Despite its superb separation performance, ultrafiltration (UF) still faces challenges in treating the Microcystis aeruginosa-laden water of lakes or reservoirs, due to membrane fouling and poor rejection of soluble organics. In this work, to better understand the mechanisms of membrane fouling, cell breakage and organic rejection and their mutual influence, a comparative UF experiment was conducted under a variety of transmembrane pressures (TMPs, 50-250 kPa) with lab-cultured Microcystis aeruginosa. Membrane fouling was characterized with respect to flux decline and fouling reversibility, and cell breakage during UF filtration was evaluated using a flow cytometer. Moreover, the rejection of extracellular organic matter (EOM) by UF was investigated with respect to the dissolved organic carbon (DOC), ultraviolet absorbance at 254 nm (UV254) and microcystin-LR (MCLR). The results indicated that the accumulation of Microcystis cells and EOM on the membrane surface caused serious reversible fouling that substantially aggravated with the increasing TMP and was successively governed by pore blocking and cake filtration.
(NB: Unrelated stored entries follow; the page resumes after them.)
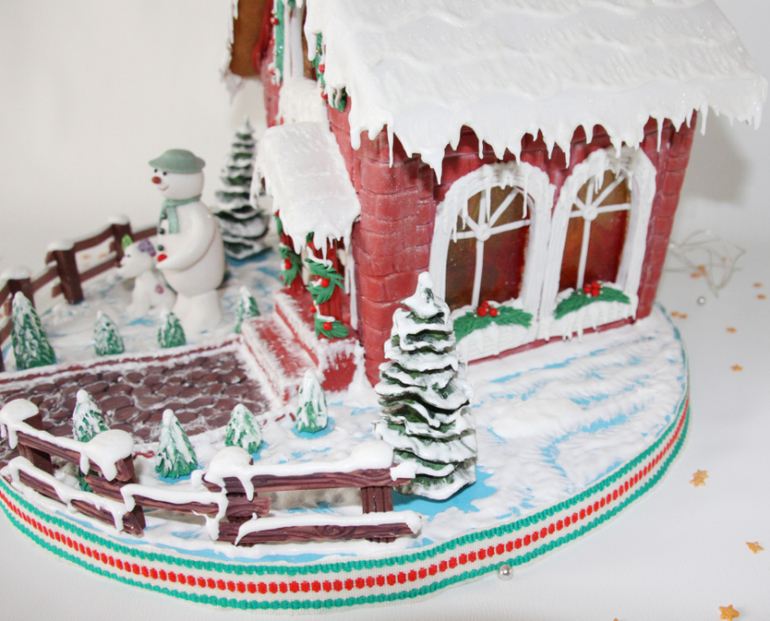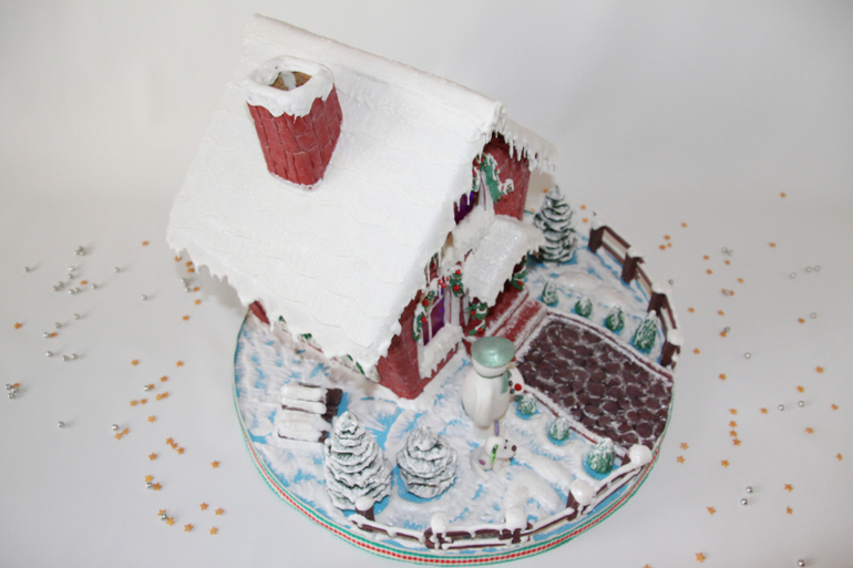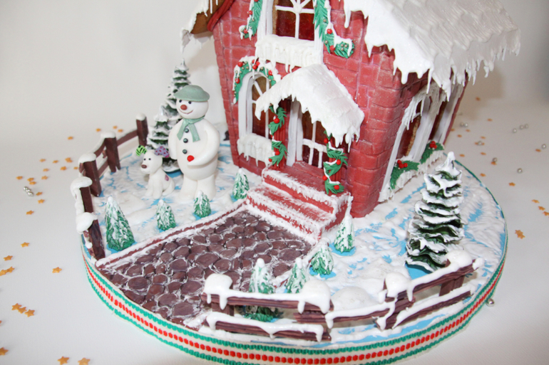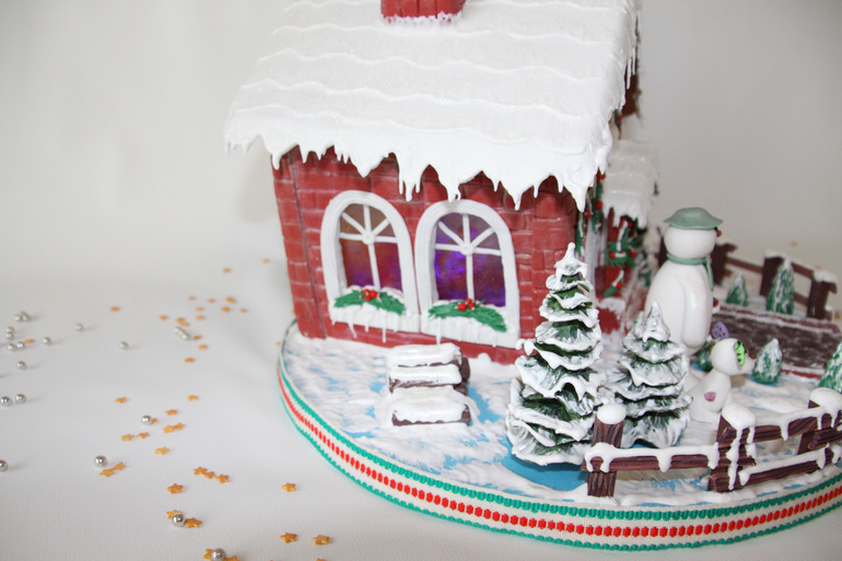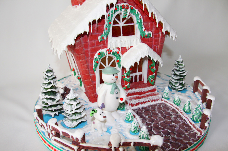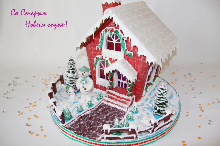 Печенье,пирожные,конфеты, выпечкаХоть и к старому, но всё-таки Новому году у меня доделался вот такой пряничный дом. Пряничные коржи покрыты мастикой и айсингом. Снеговичка и собачку лепила с героев очень милой и трогательной рождественской сказки "Снеговик и снежный пёс". В окошках горит свет.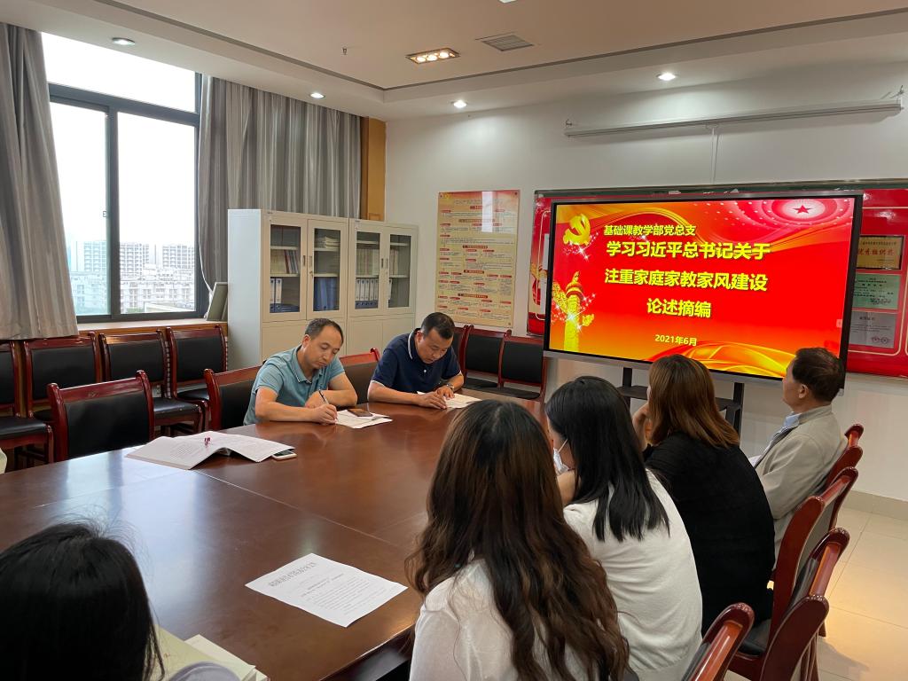 6月9日下午,基础部党总支召开学习贯彻《习近平关于注重家庭家教家风建设论述摘编》座谈会。会议由基础部党总支书记宁海成主持。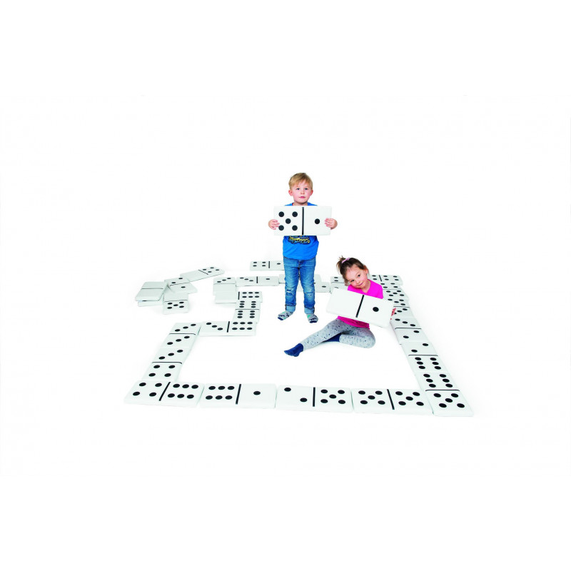 Set di 28 elementi rettangolari morbidi con puntini stampati in superficie, che riproduce il domino in grande formato. Gioco semplice, che stimola la mente e creatività dei bambini ed è sopratutto piacevole e divertente. Oltre i valori educativo come insegnare a pensare strategicamente o esercitare aritmetica, domino forma la mente per lavorare in gruppo. Realizzato con imbottitura in poliuretano espanso di alta densità (25 kg/mc) e rivestite in similpelle lavabile, atossico, antibatterico e piacevole al tatto. Fondo antiscivolo limita gli spostamenti durante il gioco. Doppie cuciture con fili elastici danno una maggiore resistenza, anche nell'uso frequente. Dimensioni elemento singolo cm

The cell breakage during filtration was less than 5% and mainly occurred in the cake layer due to hydraulic shear, but the breakage did not substantially vary with increasing TMP. EOM removal by UF ranged from 40% to 70% (in terms of DOC removal), and the removal performance increased with the reversible resistance, implying a trade-off between organic removal and permeability. Regarding soluble and small organics such as MCLR, a higher degree of removal was also found at higher TMP, despite of some variations over the duration of the filtration tests, and the cake layer retention proved to be the principle removal mechanism, especially during steady filtration stages.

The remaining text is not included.